- _Supplied information_

..........

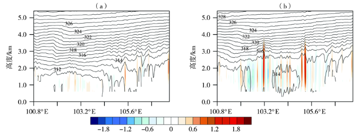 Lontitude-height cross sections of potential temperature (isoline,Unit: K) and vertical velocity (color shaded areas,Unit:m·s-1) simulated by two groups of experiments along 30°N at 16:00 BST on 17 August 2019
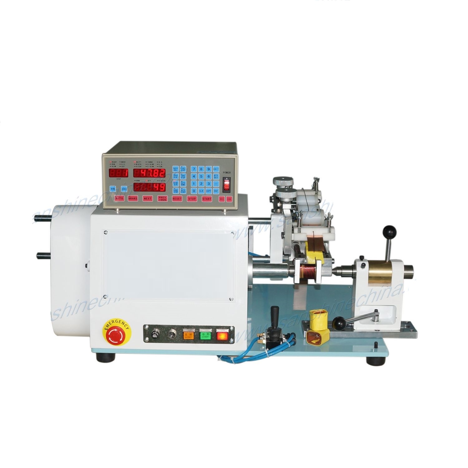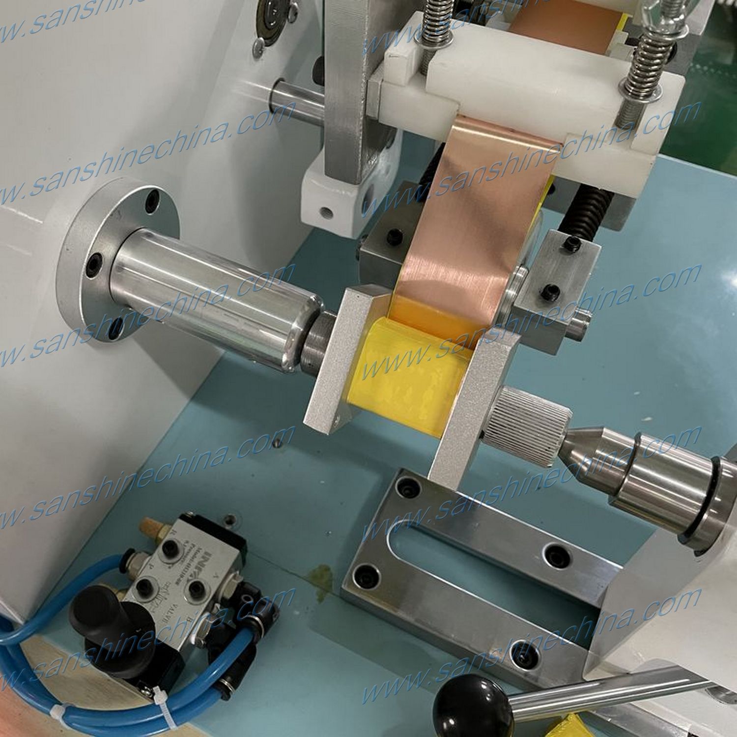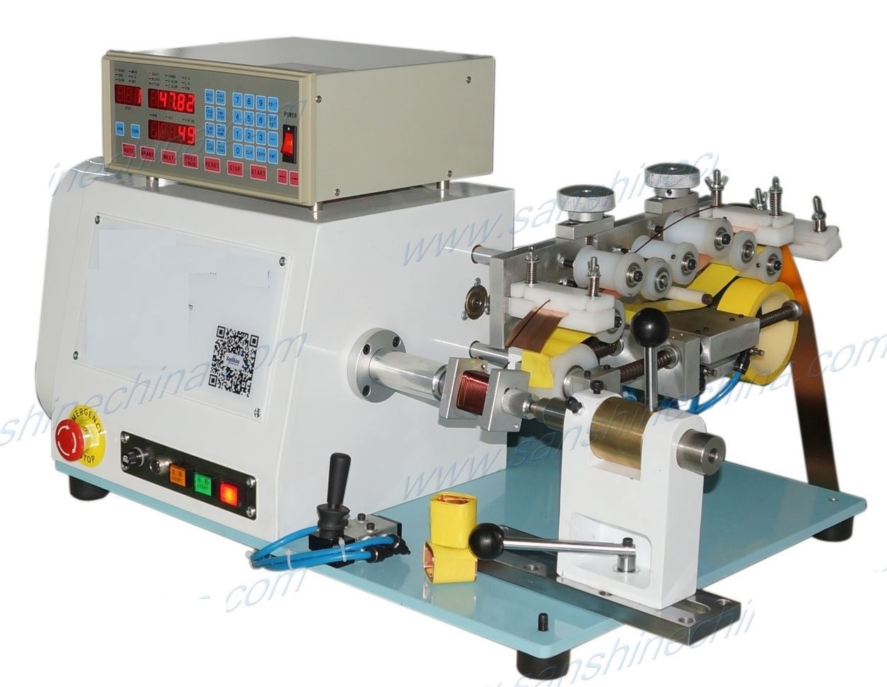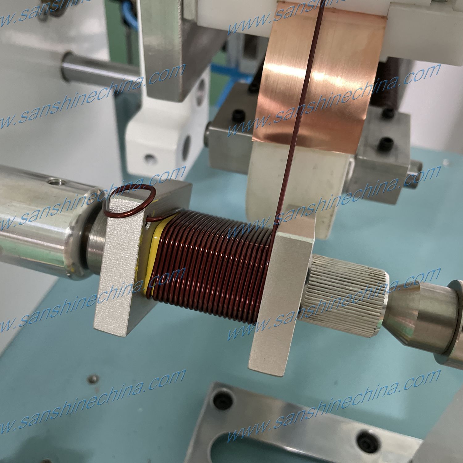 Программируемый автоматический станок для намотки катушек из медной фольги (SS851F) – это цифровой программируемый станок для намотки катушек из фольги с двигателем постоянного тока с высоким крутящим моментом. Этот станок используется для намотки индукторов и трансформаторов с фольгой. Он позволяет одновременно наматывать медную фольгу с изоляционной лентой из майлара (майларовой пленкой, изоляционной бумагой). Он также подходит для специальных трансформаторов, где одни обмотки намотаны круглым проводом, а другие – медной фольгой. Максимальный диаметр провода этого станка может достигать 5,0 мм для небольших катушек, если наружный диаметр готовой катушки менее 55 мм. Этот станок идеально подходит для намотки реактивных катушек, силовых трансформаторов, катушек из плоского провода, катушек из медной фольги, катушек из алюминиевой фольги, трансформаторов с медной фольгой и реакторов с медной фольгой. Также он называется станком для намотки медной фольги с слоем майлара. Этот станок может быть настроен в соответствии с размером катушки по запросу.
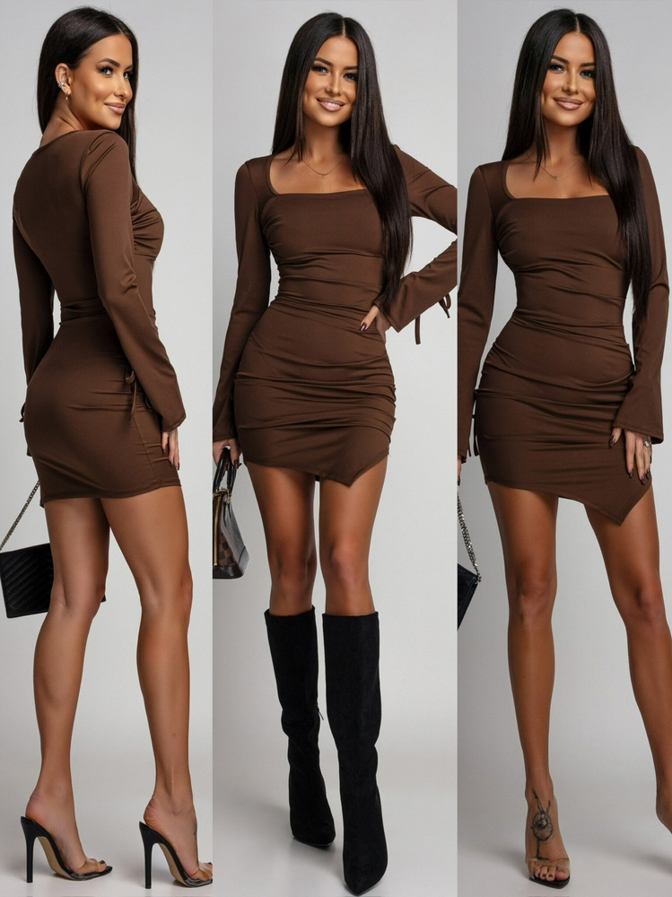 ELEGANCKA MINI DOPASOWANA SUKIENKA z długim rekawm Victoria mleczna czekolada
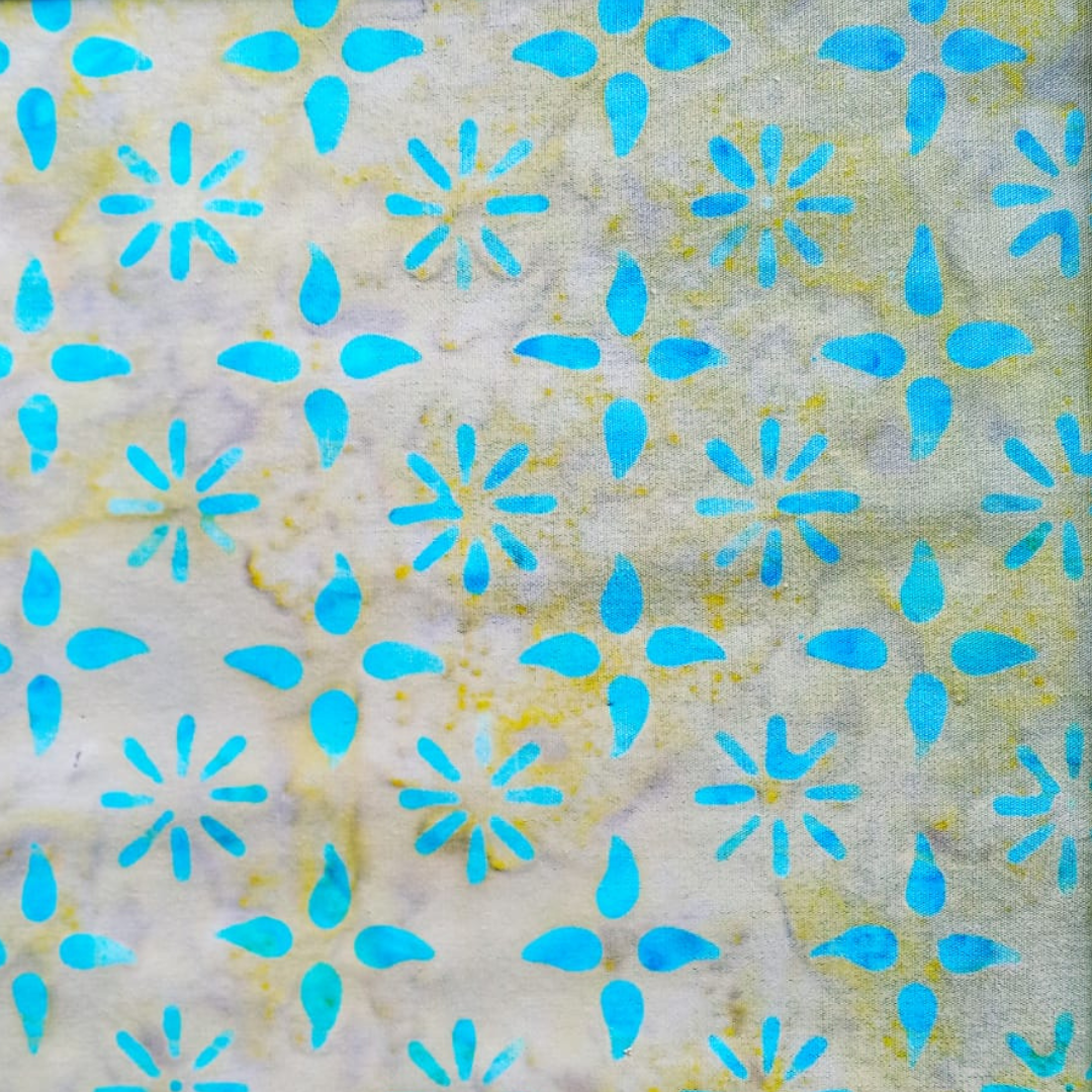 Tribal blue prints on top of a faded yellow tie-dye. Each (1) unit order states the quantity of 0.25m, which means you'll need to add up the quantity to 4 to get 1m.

..........

- _Action item_
The listing above must be printed again exactly, minus its pictures.

- _Response_
 Lontitude-height cross sections of potential temperature (isoline,Unit: K) and vertical velocity (color shaded areas,Unit:m·s-1) simulated by two groups of experiments along 30°N at 16:00 BST on 17 August 2019
 Программируемый автоматический станок для намотки катушек из медной фольги (SS851F) – это цифровой программируемый станок для намотки катушек из фольги с двигателем постоянного тока с высоким крутящим моментом. Этот станок используется для намотки индукторов и трансформаторов с фольгой. Он позволяет одновременно наматывать медную фольгу с изоляционной лентой из майлара (майларовой пленкой, изоляционной бумагой). Он также подходит для специальных трансформаторов, где одни обмотки намотаны круглым проводом, а другие – медной фольгой. Максимальный диаметр провода этого станка может достигать 5,0 мм для небольших катушек, если наружный диаметр готовой катушки менее 55 мм. Этот станок идеально подходит для намотки реактивных катушек, силовых трансформаторов, катушек из плоского провода, катушек из медной фольги, катушек из алюминиевой фольги, трансформаторов с медной фольгой и реакторов с медной фольгой. Также он называется станком для намотки медной фольги с слоем майлара. Этот станок может быть настроен в соответствии с размером катушки по запросу.
 ELEGANCKA MINI DOPASOWANA SUKIENKA z długim rekawm Victoria mleczna czekolada
 Tribal blue prints on top of a faded yellow tie-dye. Each (1) unit order states the quantity of 0.25m, which means you'll need to add up the quantity to 4 to get 1m.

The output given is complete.